Friday, June 18, 2004

Chesterton and the Virtue of Hope

I have recently gone through a period without a job, and am still in a kind of “holding pattern” waiting for a handful of things to take place which will go a long way toward fulfilling my personal dreams. Recently, another friend of ours has been let go at her job and doesn’t know where to go or what to do. As a part of the process I went through during that time, I reflected on the virtue of hope. We hear a lot about faith and love, but we rarely hear about hope.

Hope, like faith and love, is an interesting virtue in that it is only needed, and we only really get a chance to exercise it, when we least feel like being hopeful (or faithful or loving). We can certainly hope when all looks positive and the world is all as it should be, but that is not the virtue of hope. The virtue of hope is worked in us when we need to place all our hope in Christ and His omniscience and benevolence when there is nothing else in which to hope. We only truly know that God is our only hope when we have been sufficiently disconnected from the things of this world which vie for our hopefulness.

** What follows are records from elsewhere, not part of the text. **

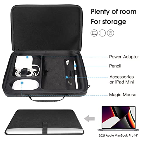 PROTEZIONE ECCELLENTE: Il materiale EVA esterno rigido protegge il tuo Macbook e gli accessori da urti e collisioni, mentre la tasca interna e lo scomparto separato li proteggono dai graffi. Realizzato in materiale EVA ad alta densità per una protezione più duratura e a lungo termine.
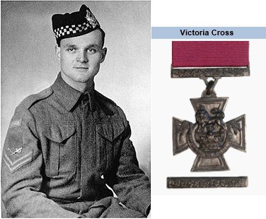 Ran forward alone to a tank, took up exposed position by its turret and directed fire, then ordered tank to ram a farm building. Went in alone, killed several defenders and took rest prisoners. Shot by a sniper when reporting back to superior officers.
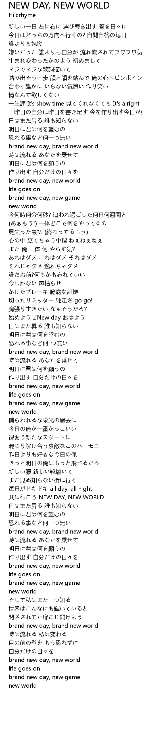 | Song | NEW DAY, NEW WORLD |

And I don’t think it is a coincidence that hope is described as a virtue. Our character goes through a great deal of alteration when we find ourselves in a position to need the strength of this virtue. Will we crumble under the circumstances and give up on God’s goodness and wisdom, or will we look to God’s unknown plan as something which is better than anything we could devise, especially in our seasons of distress?

Here is another great snippet from Chesterton’s Heretics on the topic of hope:

Hope is the power of being cheerful in circumstances which we know to be desperate. It is true that there is a state of hope which belongs to bright prospects and the morning; but that is not the virtue of hope. The virtue of hope exists only in earthquake and, eclipse….For practical purposes it is at the hopeless moment that we require the hopeful man, and the virtue either does not exist at all, or begins to exist at that moment. Exactly at the instant when hope ceases to be reasonable it begins to be useful.

2 comments:

Anonymous said...

Well, thank-you for writing this post, albeit over three years ago. I needed to read this in these wee hours of this morning, August 31, 2007, upset as I am over my 16 year old son's addictions to drugs and alcohol.

Precisely because neither I nor anyone, nor any consequences have thus far made any difference, I will (yet once more) stubbornly put my steadfast hope in God and in His help for my son. I had been flirting with despair tonight, and don't ask me how I happened upon your post, but, as you can imagine, it was surely a God-thing.

Thanks and God Bless.

Phil Steiger said...

G-

It is so good to hear this was an encouragement to you! Reading it again, I had forgotten the context of the post, but looking back, I can affirm the faithfulness of God, and the value of hope in Christ. I heard someone say recently that as long as there is breath in our lungs, with Christ, there is always hope. That seems right to me!